Setentão aprendiz
Artigo publicado no Jornal O POVO, Caderno Vida & Arte, pág.4
Quarta-feira, 30 de setembro de 2015 – Fortaleza, Ceará, Brasil

Artigo em PDF

FAC-SÍMILE

op_setentaoaprendiz

Risonho e pensativo foi como deixei a sala de cinema após ver o filme Um Senhor Estagiário (EUA, 2015), da cineasta estadunidense Nancy Meters, com as envolventes interpretações de Robert De Niro e Anne Hathaway nos papeis de Ben Whittaker e Jules Ostin; ele, um setentão que decide participar de um programa de estágio para idosos da empresa dela, jovem executiva criadora e diretora de um negócio de compras online.

Em sua afluência de comédia, com conceito de trama ancorado na dignidade e no humor, o longa trabalha a um só tempo a caricatura de autossuficiência, comum a jovens empreendedores de sucesso oriundos da economia de startup, e a desconstrução de alguns pressupostos invariavelmente dirigidos a pessoas de idade avançada, como se elas não tivessem espaço no mundo digital.

Por progressão satírica leve, o filme vai mostrando situações alusivas a esse fenômeno paradigmático da hipermodernidade, tanto no que diz respeito à questão da idade produtiva quanto a das relações sociais. Na tela, essa equação de cunho econômico e comportamental oscila na busca do equilíbrio entre a abundância e o descartável, o trabalho intenso e a ociosidade. E como é trivial nesse tipo de enredo, o cômico se junta ao dramático na combinação de papeis dissonantes.

Jules circula pelo escritório de bicicleta, esbanjando determinação e cabeça ligada, em sua concentradora e bem-sucedida performance de integrante de uma nova classe de fazedores, que se movimenta sempre presa à lógica de que o significado da vida está na carreira.

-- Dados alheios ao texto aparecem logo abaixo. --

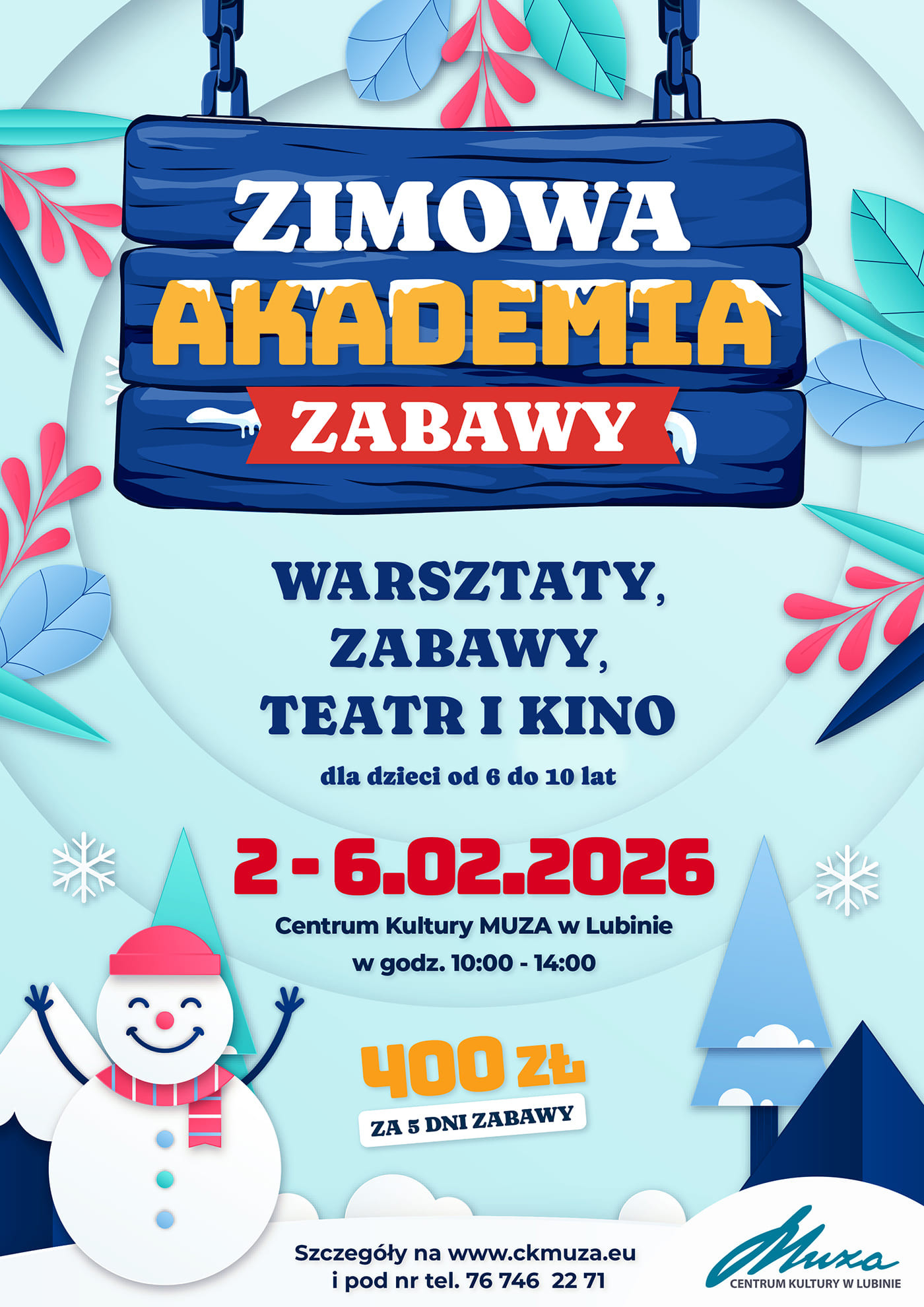 Karta zgłoszenia i Regulamin – www.ckmuza.eu (zakładka: Imprezy/Zimowa Akademia Zabawy)

A essas pessoas sobra pouco tempo para realidades mais elevadas e, principalmente, para exercícios de alteridade, o que as empurra para embaraçosos vazios existenciais.

O personagem Ben, setentão e viúvo, destaca-se, nesse contexto, exatamente por suas atitudes na atenção aos outros. A falta de disputa expressa na sua postura de estagiário torna a sua figura desconcertante. Ele não quer ser nada, superar ninguém, quer apenas ocupar melhor o tempo. Antes de aposentado havia sido vice-presidente de uma empresa de listas telefônicas e, embora o negócio que dominava tenha perdido a razão de ser, ele sabia que tinha muito como ser útil.

O risível nesse filme está no contraponto feito entre a autoafirmação do triunfo performático e a força contida da experiência em situação de descarte. Com humor deleitoso, Um Senhor Estagiário alcança o amplo propósito de divertir e de produzir reflexões, dando à estroinice e à intolerância a comicidade das exceções. Tudo isso sem julgamentos e sem vilões, apenas mostrando personagens como estão, e não necessariamente como são ou seriam em outras circunstâncias.

Alivia constatar que nisso tudo não há a pecha de autoajuda nem o discurso do “no meu tempo era melhor”. O filme também não faz julgamentos, apenas coloca situações em que o riso nasce da dureza dos fatos relatados, entre a concentração de afazeres nas mãos da jovem empreendedora e a disposição do setentão de estar aberto e disposto a aprender, e suas consequências. Com todas as identificações soltas no escurinho do cinema, a plateia ri da nossa própria caricatura social.